* **What you will do**
Would you return the lines that run from the start of the data below to the line with "The following figure", both included, exactly as written and without pictures?

* **Input data**
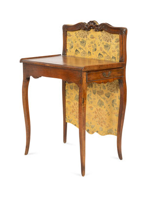 A Louis XV Provincial Mahogany Writing Table with Attached Fire Screen
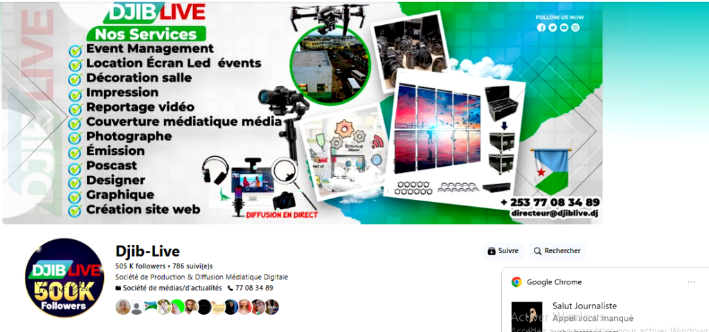 Grâce à cette persévérance et au travail accompli avec une équipe engagée au fil du temps, Djib Live est aujourd’hui devenu une plateforme reconnue dans la couverture des événements nationaux et dans la valorisation des initiatives du pays.
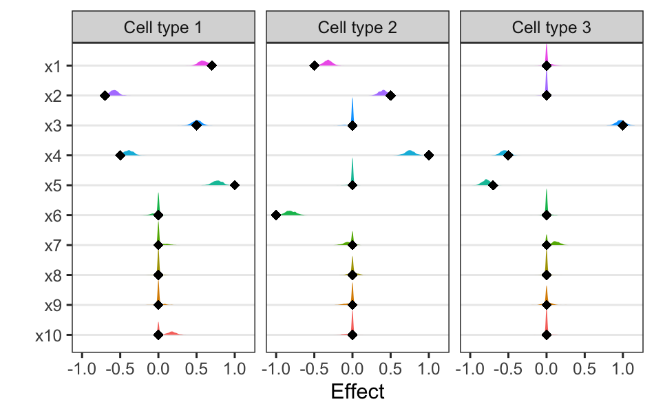 The following figure shows the posterior distributions of cell-type-specific effects associated with cell-type-specific progression with the black diamonds indicating true effects, and marginal posterior inclusion probabilities (mPIP) of Bayesian variable selection (BVS).
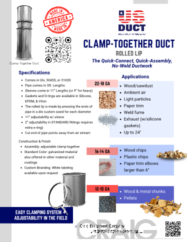 Eliminate welding and rivets. US Duct’s Clamp-Together (Rolled Lip) ducting provides a professional, airtight seal that installs in seconds and adapts to your changing needs.
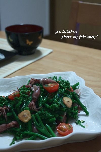 茹でておいた はなっこりー の茎の部分を炒め、プチトマト、ホタルイカ、赤唐辛子、
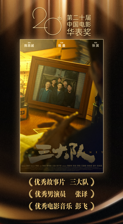 颁奖现场宣布,由万达电影担任第一出品的《三大队》,荣获三大奖项:优秀故事片、优秀男演员(张译)、优秀电影音乐(彭飞)。
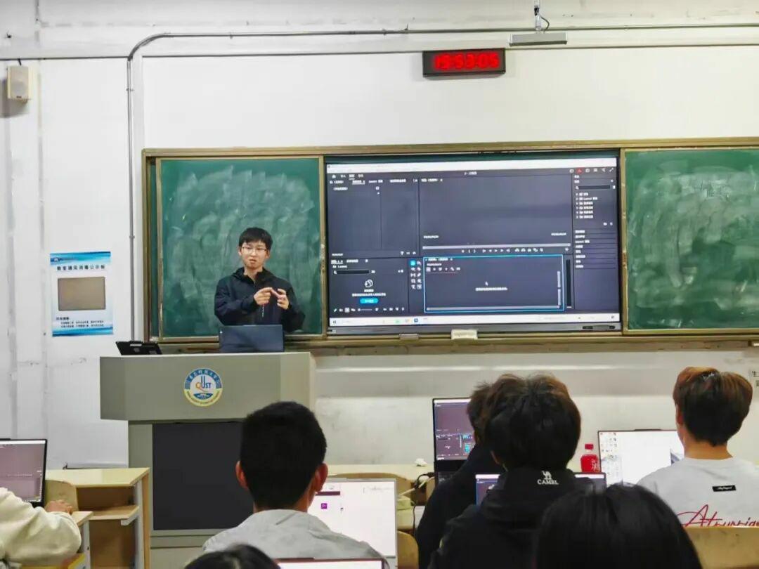 培训中,蒲一鸣以“理论讲解+案例演示+实操指导”的方式展开教学。他首先系统介绍了PR软件的界面布局、核心功能模块及基础操作逻辑,帮助学员快速建立对软件的整体认知。随后,结合公司往期优秀宣传视频案例,从素材导入、剪辑拼接、转场设计到字幕添加、音频处理等环节,分步演示视频制作全流程,并重点讲解了调色技巧、节奏把控等提升作品质感的关键方法。在实践环节,学员们分组进行操作演练,围绕“公司活动记录”“实验室日常”等主题尝试剪辑短视频。蒲一鸣穿梭于各组之间,针对学员们提出的“素材衔接不流畅”“转场效果生硬”等问题进行一对一指导,通过现场调试参数、演示优化方案,帮助大家突破操作瓶颈。互动交流中,学员们结合自身宣传工作经历分享困惑与心得,现场学习氛围浓厚。
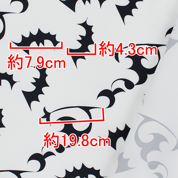 C0367 白×黒 コウモリ柄生地
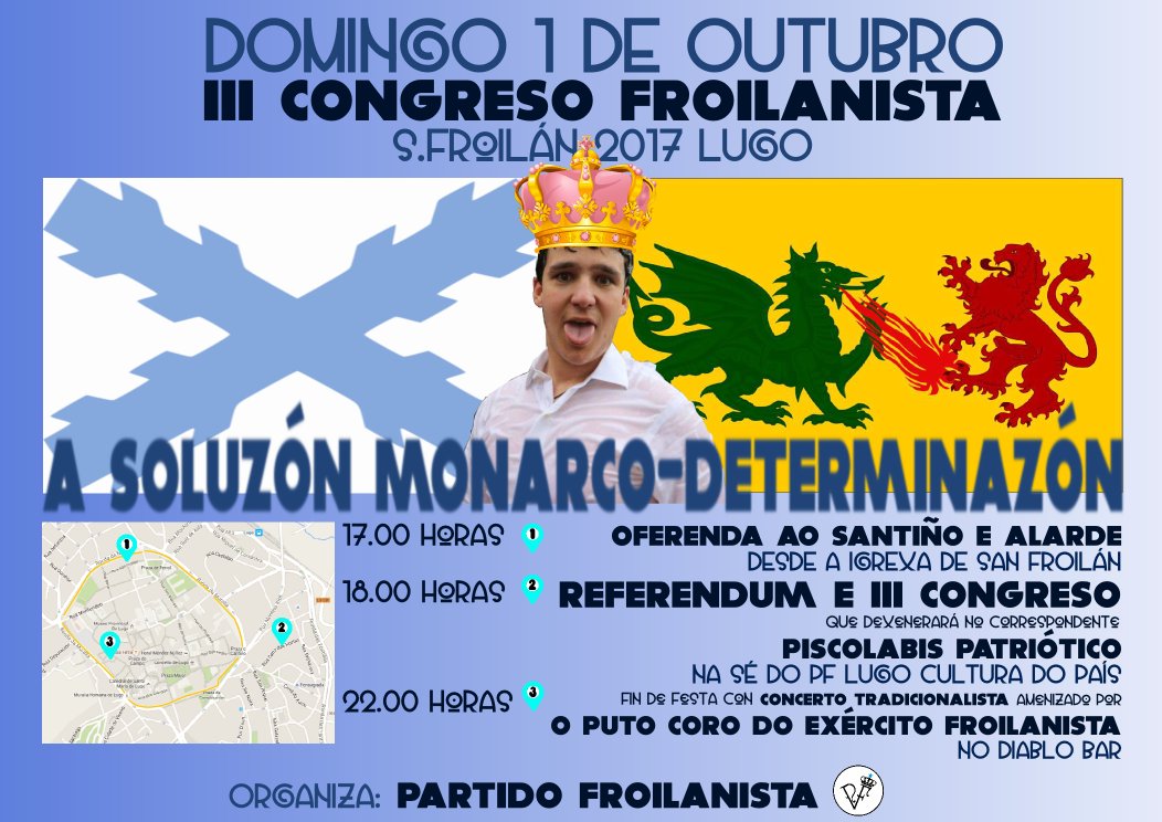 Galicia se suma al 1-O con un referéndum propio, bueno no toda Galicia. Quien lo hace es un grupo de autodenominados “patriotas gallegos” que conforman el PF, Partido Froilanista y que abogan porque el díscolo sobrino de Felipe IV reine en Galicia como Froilán III.
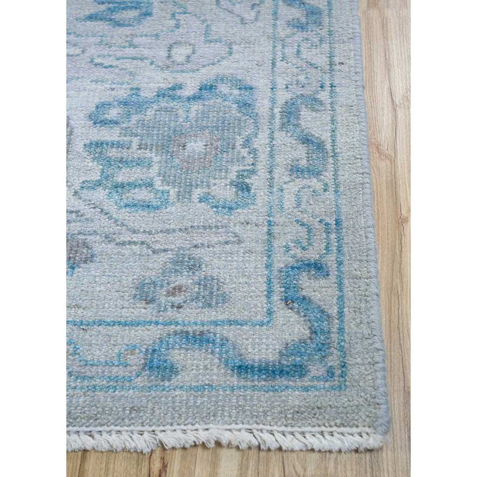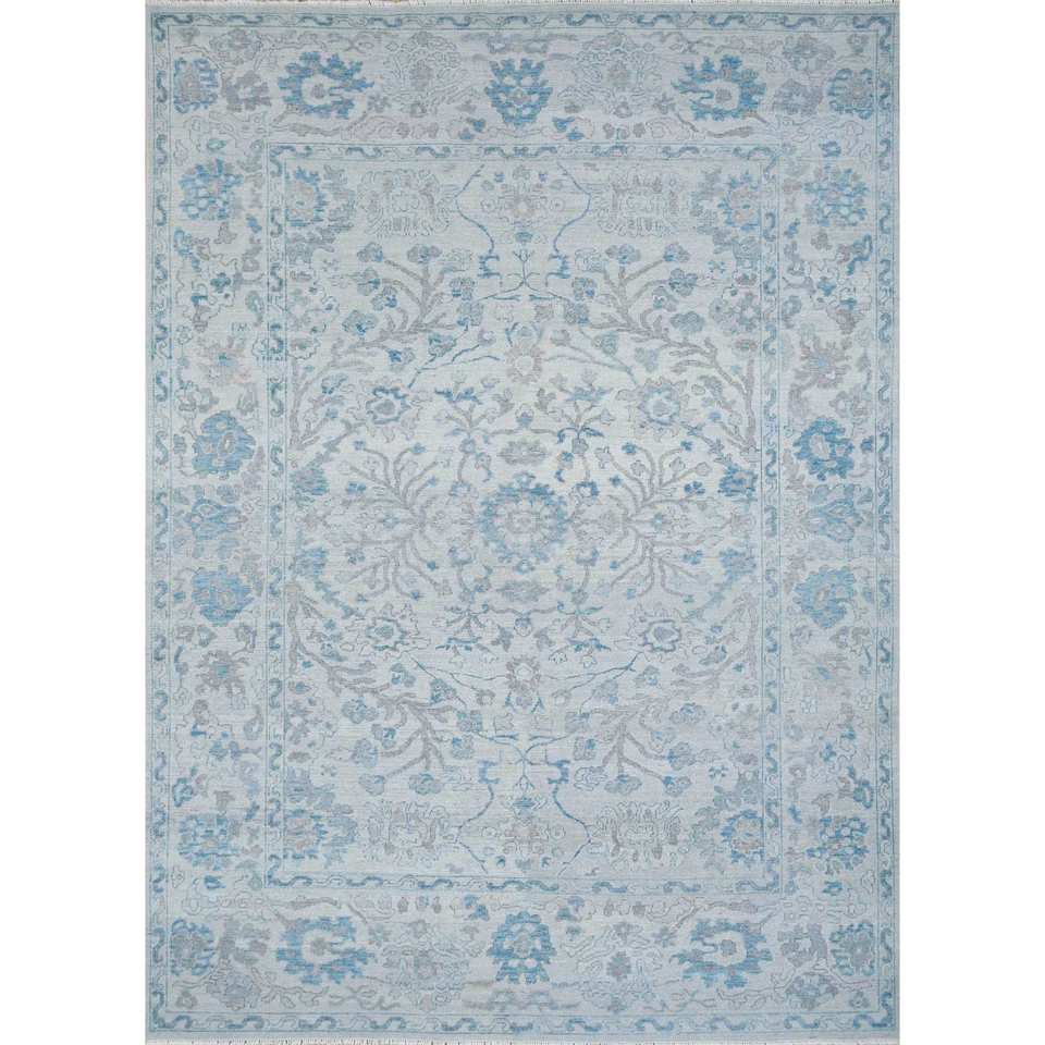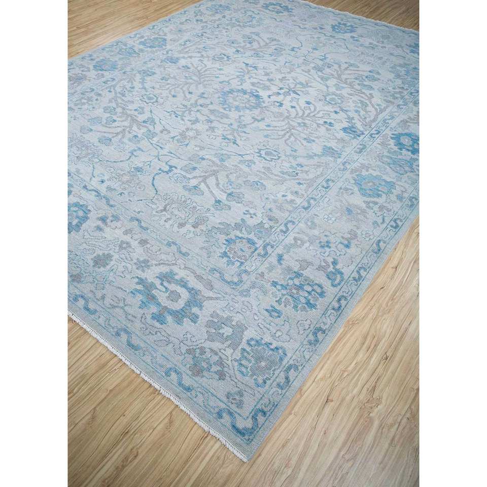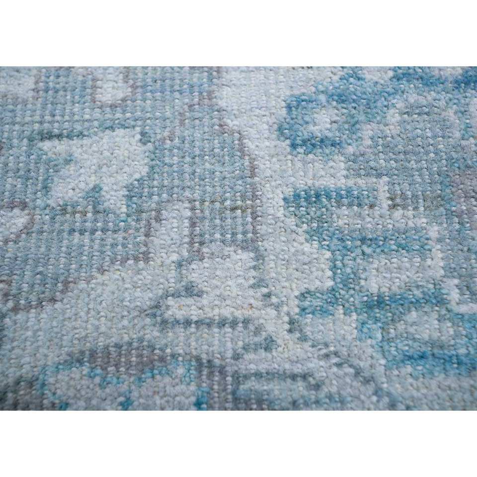 Alfombras de Lana Anudadas a Mano Erbe, Diseño Floral y Abstracto Azul, para Entrada, Dormitorio, Pasillo, Tamaño Rectangular 9x12, Modelo Enlp-07
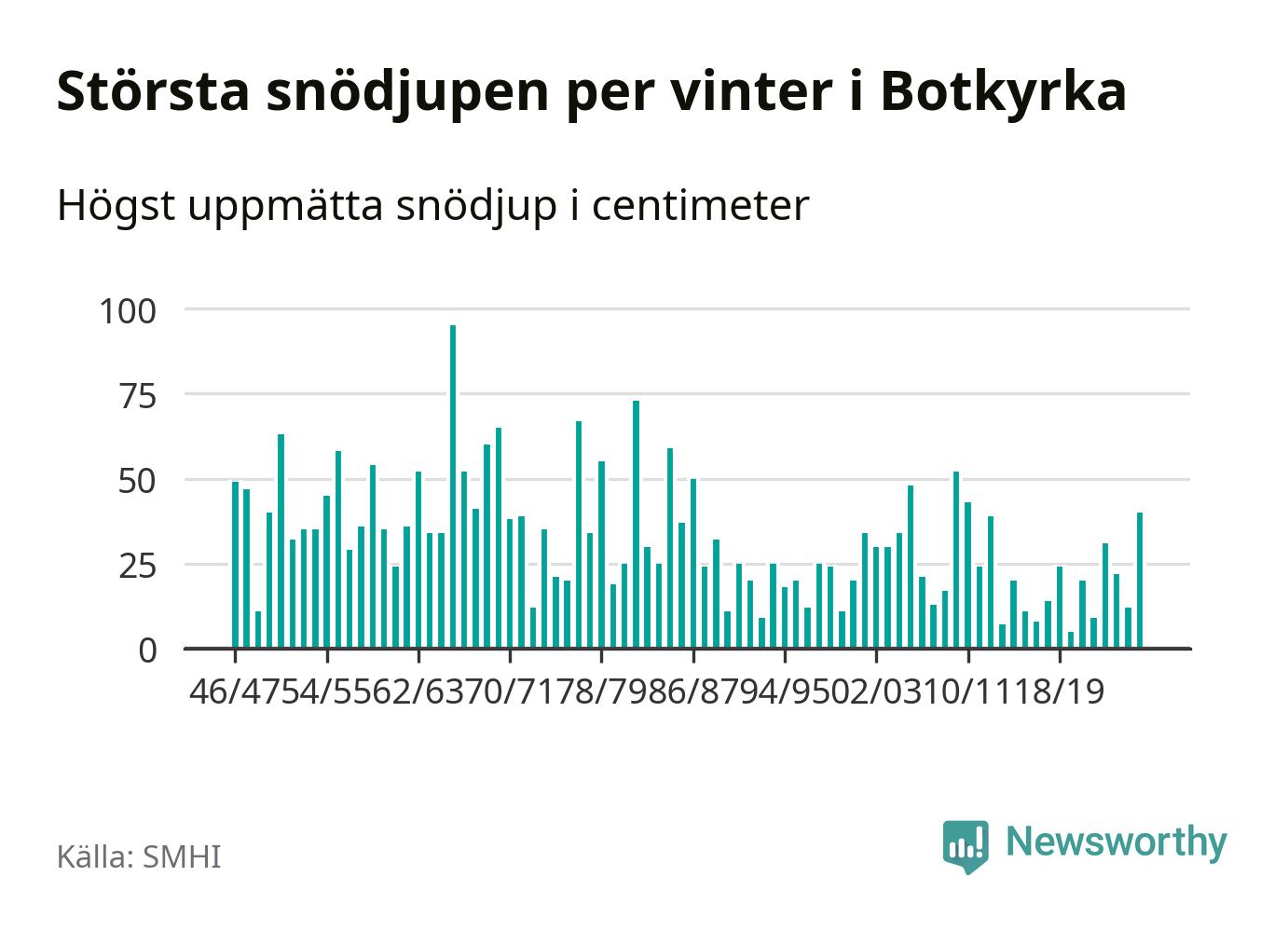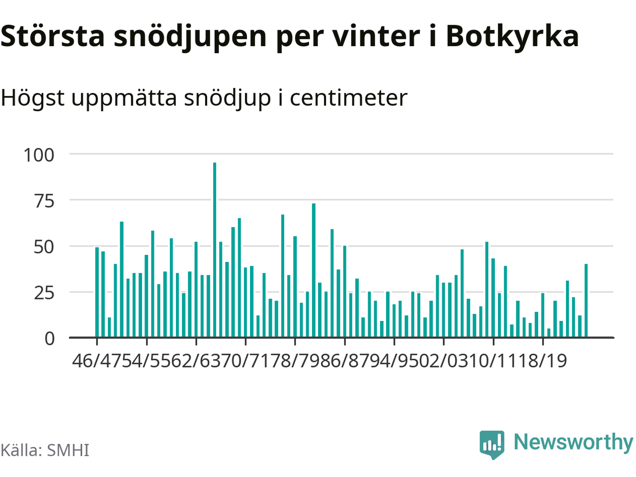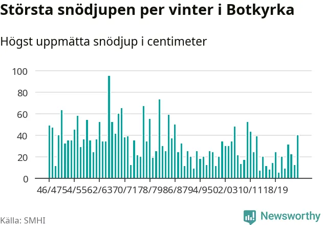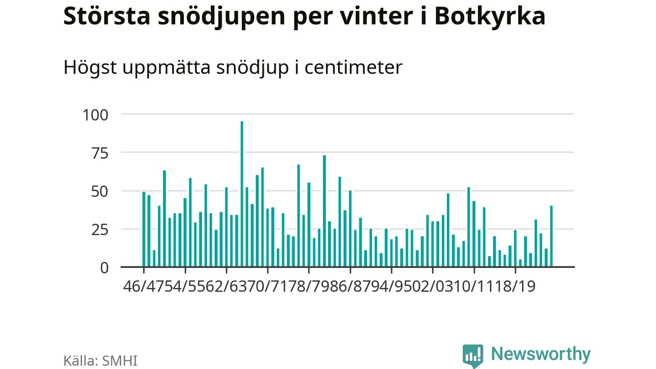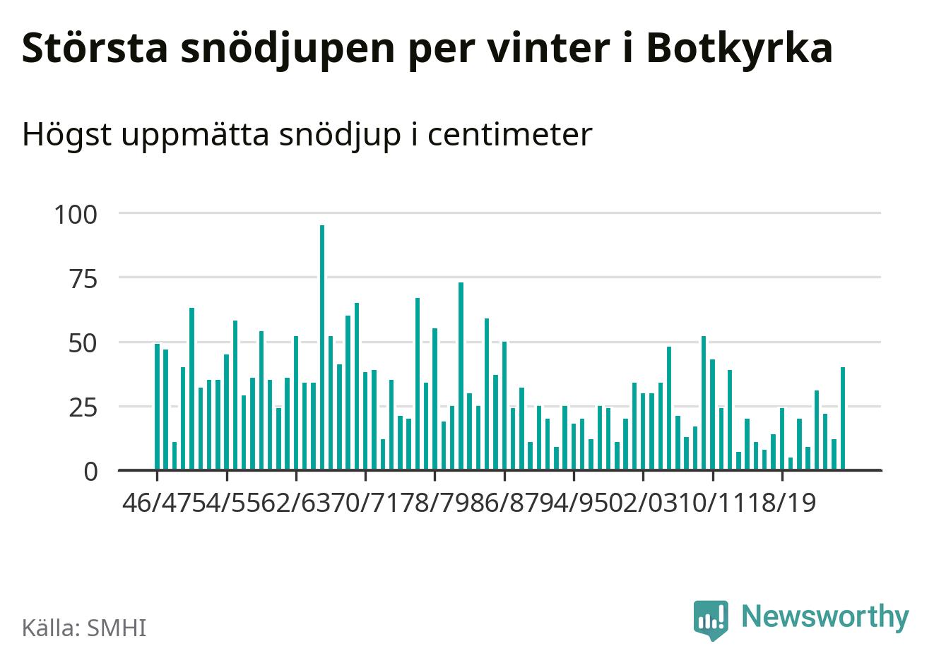 Men hur står sig det snödjupet historiskt sett? Newsworthy har tittat på det största snödjup som SMHI har uppmätt i Botkyrka kommun varje år sedan vintern 1946/47. 20 vintrar har det uppmätts större snödjup.
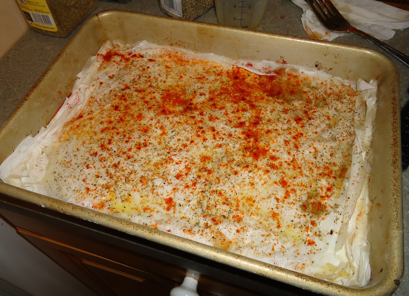 While thats cooling, Get your 9x13 pan out, coat the bottom with olive oil, not a lot, just enough to cover the bottom, Take your thawed fillo dough out of the fridge and, unroll it, and layer one sheet at a time,lightly brushing with olive oil between each sheet, 6 on the bottom, 6 on the top, After the first 6 layers are done, spread the filling evenly covering the the entire dough, then do the same thing you did with the bottom half, to the top half!

* **Exercise result**
 A Louis XV Provincial Mahogany Writing Table with Attached Fire Screen
 Grâce à cette persévérance et au travail accompli avec une équipe engagée au fil du temps, Djib Live est aujourd’hui devenu une plateforme reconnue dans la couverture des événements nationaux et dans la valorisation des initiatives du pays.
 The following figure shows the posterior distributions of cell-type-specific effects associated with cell-type-specific progression with the black diamonds indicating true effects, and marginal posterior inclusion probabilities (mPIP) of Bayesian variable selection (BVS).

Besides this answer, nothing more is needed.